Drinking water is supposed to be 0-50. Little to no contaminants &/or metals in it. Our filtered drinking water tested 418-394, we were basically drinking tap water ever since we moved here! TG nobody got sick.
This is what I have to test the water:
TDS-EZ Water Quality Tester - HM Digital http://www.tdsmeter.com/what-is
Total Dissolved Solids (TDS) are the total amount of mobile charged ions, including minerals, salts or metals dissolved in a given volume of water, expressed in units of mg per unit volume of water (mg/L), also referred to as parts per million (ppm). TDS is directly related to the purity of water and the quality of water purification systems and affects everything that consumes, lives in, or uses water, whether organic or inorganic, whether for better or for worse.
"Dissolved solids" refer to any minerals, salts, metals, cations or anions dissolved in water. This includes anything present in water other than the pure water (H20) molecule and suspended solids. (Suspended solids are any particles/substances that are neither dissolved nor settled in the water, such as wood pulp.)
Some dissolved solids come from organic sources such as leaves, silt, plankton, and industrial waste and sewage. Other sources come from runoff from urban areas, road salts used on street during the winter, and fertilizers and pesticides used on lawns and farms.

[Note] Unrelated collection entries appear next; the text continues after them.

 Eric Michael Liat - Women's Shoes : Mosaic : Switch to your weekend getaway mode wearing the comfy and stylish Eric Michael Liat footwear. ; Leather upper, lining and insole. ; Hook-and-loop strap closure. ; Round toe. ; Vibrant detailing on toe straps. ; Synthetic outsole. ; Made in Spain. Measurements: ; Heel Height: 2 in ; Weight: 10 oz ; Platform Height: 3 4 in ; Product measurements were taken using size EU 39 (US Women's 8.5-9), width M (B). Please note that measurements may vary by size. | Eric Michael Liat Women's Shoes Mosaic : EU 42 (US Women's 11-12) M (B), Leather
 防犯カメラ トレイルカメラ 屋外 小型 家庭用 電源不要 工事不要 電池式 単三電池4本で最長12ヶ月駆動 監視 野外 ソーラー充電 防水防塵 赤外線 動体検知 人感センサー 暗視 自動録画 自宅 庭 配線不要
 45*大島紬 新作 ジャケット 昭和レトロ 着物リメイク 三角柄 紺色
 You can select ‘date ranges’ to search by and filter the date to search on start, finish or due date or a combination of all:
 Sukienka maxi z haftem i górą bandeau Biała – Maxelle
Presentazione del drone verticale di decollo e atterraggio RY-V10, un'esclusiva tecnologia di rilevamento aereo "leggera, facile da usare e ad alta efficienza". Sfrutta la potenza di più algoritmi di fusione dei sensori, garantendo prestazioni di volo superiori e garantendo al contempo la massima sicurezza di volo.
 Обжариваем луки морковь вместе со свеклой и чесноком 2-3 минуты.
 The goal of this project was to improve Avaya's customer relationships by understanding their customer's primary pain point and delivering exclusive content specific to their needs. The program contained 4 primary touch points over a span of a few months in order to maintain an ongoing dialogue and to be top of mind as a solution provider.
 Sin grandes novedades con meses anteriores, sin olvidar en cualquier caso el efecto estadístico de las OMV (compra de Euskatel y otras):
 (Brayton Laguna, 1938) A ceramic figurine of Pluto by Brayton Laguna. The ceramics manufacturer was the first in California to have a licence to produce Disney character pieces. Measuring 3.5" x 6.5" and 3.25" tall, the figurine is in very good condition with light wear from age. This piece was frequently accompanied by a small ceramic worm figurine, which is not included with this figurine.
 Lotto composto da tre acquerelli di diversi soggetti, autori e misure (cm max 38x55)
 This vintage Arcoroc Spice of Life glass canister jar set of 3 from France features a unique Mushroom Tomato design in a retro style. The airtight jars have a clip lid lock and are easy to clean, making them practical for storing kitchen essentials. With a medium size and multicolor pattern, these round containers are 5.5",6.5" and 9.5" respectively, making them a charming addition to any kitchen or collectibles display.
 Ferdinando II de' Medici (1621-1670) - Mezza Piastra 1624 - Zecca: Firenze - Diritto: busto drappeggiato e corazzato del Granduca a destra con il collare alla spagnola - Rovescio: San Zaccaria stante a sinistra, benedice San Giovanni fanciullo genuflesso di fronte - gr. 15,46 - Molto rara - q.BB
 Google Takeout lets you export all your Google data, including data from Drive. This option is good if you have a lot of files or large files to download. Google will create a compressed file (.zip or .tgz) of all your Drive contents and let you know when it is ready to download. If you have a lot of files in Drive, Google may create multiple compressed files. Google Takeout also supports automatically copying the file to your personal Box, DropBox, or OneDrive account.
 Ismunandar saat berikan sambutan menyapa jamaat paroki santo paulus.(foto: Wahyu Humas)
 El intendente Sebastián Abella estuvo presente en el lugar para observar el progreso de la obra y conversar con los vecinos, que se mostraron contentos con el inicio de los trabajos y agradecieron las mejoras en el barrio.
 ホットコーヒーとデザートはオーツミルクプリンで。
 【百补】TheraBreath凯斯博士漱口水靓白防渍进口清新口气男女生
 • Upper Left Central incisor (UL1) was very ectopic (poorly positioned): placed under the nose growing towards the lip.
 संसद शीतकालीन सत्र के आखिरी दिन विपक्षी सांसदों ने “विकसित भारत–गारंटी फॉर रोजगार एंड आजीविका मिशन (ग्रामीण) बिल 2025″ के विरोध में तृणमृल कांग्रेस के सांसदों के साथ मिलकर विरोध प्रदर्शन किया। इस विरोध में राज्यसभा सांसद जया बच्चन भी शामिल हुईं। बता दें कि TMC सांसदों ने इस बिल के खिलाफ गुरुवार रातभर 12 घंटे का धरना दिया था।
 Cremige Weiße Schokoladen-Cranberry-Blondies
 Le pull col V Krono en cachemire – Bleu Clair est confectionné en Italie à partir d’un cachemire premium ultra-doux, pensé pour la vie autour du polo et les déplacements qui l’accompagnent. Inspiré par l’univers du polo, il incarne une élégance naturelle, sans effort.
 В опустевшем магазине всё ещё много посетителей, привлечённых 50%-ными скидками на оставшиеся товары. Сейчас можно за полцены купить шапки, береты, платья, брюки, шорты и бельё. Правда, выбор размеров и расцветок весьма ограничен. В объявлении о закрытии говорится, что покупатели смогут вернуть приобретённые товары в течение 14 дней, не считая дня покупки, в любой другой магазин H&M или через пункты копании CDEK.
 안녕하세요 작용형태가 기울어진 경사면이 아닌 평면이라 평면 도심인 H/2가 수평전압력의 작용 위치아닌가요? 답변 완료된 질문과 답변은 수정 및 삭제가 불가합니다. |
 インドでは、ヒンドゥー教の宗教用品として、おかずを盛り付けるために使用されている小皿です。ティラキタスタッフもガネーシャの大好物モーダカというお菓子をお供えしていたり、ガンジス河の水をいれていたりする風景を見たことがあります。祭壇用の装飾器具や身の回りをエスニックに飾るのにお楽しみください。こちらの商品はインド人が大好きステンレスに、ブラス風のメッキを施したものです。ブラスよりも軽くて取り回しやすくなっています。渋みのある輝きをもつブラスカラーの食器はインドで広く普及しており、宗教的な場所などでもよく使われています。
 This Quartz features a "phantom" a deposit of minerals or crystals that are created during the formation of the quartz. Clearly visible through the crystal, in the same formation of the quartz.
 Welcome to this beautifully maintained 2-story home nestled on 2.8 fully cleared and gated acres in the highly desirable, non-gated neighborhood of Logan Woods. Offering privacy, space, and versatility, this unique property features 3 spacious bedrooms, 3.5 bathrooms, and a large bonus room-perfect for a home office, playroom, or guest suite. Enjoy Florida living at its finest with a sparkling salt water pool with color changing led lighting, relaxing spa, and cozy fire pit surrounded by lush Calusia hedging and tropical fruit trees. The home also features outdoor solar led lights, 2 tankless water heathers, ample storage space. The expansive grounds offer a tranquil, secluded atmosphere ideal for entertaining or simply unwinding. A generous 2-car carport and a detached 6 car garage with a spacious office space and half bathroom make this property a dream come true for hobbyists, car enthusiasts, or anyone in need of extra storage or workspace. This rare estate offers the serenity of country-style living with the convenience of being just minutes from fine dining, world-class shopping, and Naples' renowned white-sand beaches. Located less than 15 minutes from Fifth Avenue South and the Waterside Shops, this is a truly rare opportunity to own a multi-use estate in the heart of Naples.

Dissolved solids also come from inorganic materials such as rocks and air that may contain calcium bicarbonate, nitrogen, iron phosphorous, sulfur, and other minerals. Many of these materials form salts, which are compounds that contain both a metal and a nonmetal. Salts usually dissolve in water forming ions. Ions are particles that have a positive or negative charge. Water may also pick up metals such as lead or copper as they travel through pipes used to distribute water to consumers.